Mickey expressed similar sentiments. He said that he’s been through too much to turn informer now and that even if he had a name to give the RUC he wouldn’t tell them anything.

Tony believes that rather than the beatings being simply intimidation, they are actually intended to put productive activists, such as himself, Mickey, and Mickey’s son, out of commission. “It’s a form of internment, to put you out of the picture for a length of time, remove you from the game for a while.” When asked if he thought beatings would continue to occur, he said, “They’ve stepped over the line this far already. If the publicity isn’t enough to stop them, then no, I don’t think they’ll stop.”

Deaglan agreed. “If people don’t stand up to what happened there will be more attacks,” he said.

If the attacks were meant to silence opposition, in the end the result is the exact opposite. First of all, both men and their families remain committed to their goals.

As Tony said, “It isn’t going to change anything I believe in. It’s barbaric to think that it would change. But they knew it won’t change anything.” And Mickey told the Derry Journal that “the intention was to silence me but there’s not a chance of that.”

Furthermore, since the beatings, people have been volunteering their services towards a Broad Front of all anti-imperialists as an alternative to Sinn Fein.

“The law of the baseball bat with 12 inch nails in it is the law of Stormont,” Deaglan said. He believes his father’s and Tony’s attacks will strengthen the move towards this Broad Front. As he said, “There’s plenty of common ground.” Further, he notes that “a movement is an amalgamation of different voices. Diversity can only be healthy for Irish republicanism.”

Deaglan said, “if people don’t take responsibility themselves it will end in disaster.” He encourages republicans to not take the easy path and follow Adams, but to take what he calls the “true path of justice and freedom” by deciding to think for themselves.

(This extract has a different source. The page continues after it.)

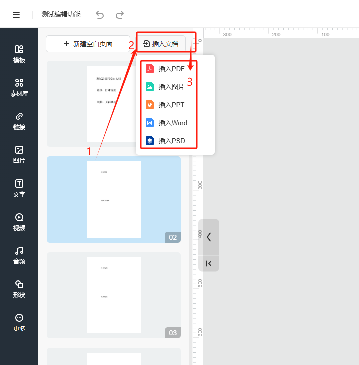 选择需要替换的页面,点击【插入文档】,选择要插入的文件类型,然后点击选择文件上传新文件,再选择需要插入的文件进行转换。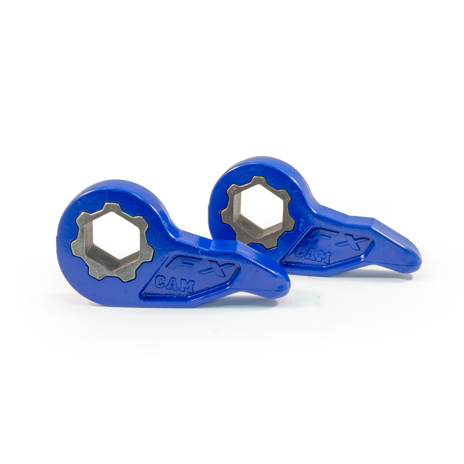 The Patented Maxxcam Fx Cam Is The Only Adjustable Torsion Bar Leveling Kit Available On The Market. FX Cam Increases Vehicle Function While Providing Your Truck With A More Aggressive Look. Like All Products Within The Maxxcam Series, Fx Cam Features Forged Torsion Bar Keys That Utilize An Internal Gear Adjustment Mechanism With Seven Position Settings. FX Cam Can Be Set To Any Amount Of Corrected Height and Degree Torsion Bars Require With No Preload and No Degradation In Handling Or Ride Quality.

Since the attack neither man has been able to work. Tony had a factory job, and the hardship has been difficult, particularly since the family has a mortgage on their home. Mickey, a bricklayer, also will be unable to work for at least six months due to the extent of the injuries. Funds are being raised to support both men and their families. Supporters of both families also encourage individuals and organizations supporting free speech to make their voices heard by contacting the men as well as writing letters to the local media.